Last Tuesday, after the last flat cat capture and the completed barricading of the deck, a lovely little doe came by to check my work. She wandered from the front yard and then slowly walked along, nibbled the lilacs, and disappeared as the fireflies started to tango under the maple. She had a beautiful reddish-gold coat that glowed. I haven’t seen a lot of deer in the neighborhood this summer, partly, I’m pretty sure, because two new fences have been built and two families have moved in that have dogs. I saw a doe cross the street one day a month or so ago as I went out to listen to the birds, it was a foggy morning and she sort of faded into the mist.

Because of the heavy rain forecast yesterday I had taken the hanging plants down and placed them on the porch. I’d also moved the pink begonia there last week after something ate the blossoms. Then this morning Jerry showed me this video from the Ring™: A visitor to our front door. A lithe nibbler tasting the plants. A bite is taken from the petunias and then a begonia and then a movement or noise is heard. I love how she just jogs away toward the lonesome pine. (Something has eaten a couple of sunflowers there; I’d watched a goldfinch out there the other day plucking petals and dining on the flowers, but a giant muncher has been at work.) The whole front of the house is overgrown right now, full of deep shade during the heat, it makes tracking birds fun. I have two hummingbird feeders out there and when the hummingbirds buzz away the only way to find them is wait for the red pulse at their throats in the shadows. I spend an inordinate amount of time standing and looking into the trees, waiting to see whatever is singing or has just flown up as I come around the house. Just a slow observation.

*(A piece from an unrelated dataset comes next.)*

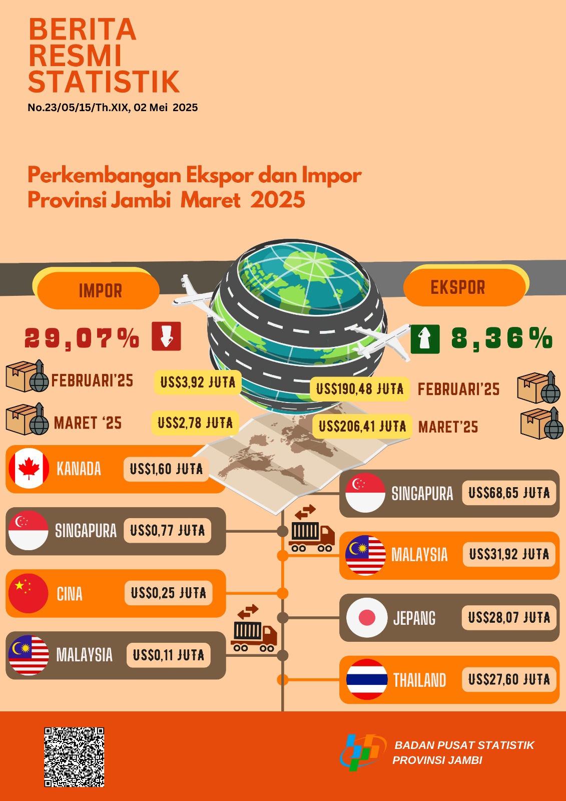 Perkembangan Ekspor dan Impor Bulan Maret 2025 Provinsi Jambi

It’s something like what I do when I go into an office or business, except there it is more perverse, I’m not looking for an ah ha! or moment of beauty. There I am looking for what if: what if I need to get out, what if I need to hide, what if I need to run. I once went to a town hall in Klamath Falls where Senator Jeff Merkley was doing an annual visit. It was at the Oregon Institute of Technology auditorium, and I sat midway down and in the center of the theatre. A man came in, shadowed by policemen and they stood alongside the wall near where he sat. He interrupted the Senator almost immediately and when asked to hold his questions was visibly agitated. Someone behind me said that’s so and so, a name I recognized from the local paper. I got up at that point and moved to the farthest part of the room near a door that lead out into the hall and from there outside through another door that claimed to be alarmed; if I used it, I needed it to be alarmed. Anytime after that I made a more careful seat choice. (And he did approach “we need to watch this guy” status when he said “so maybe I just need to get my gun” … that’s when they escorted him out.)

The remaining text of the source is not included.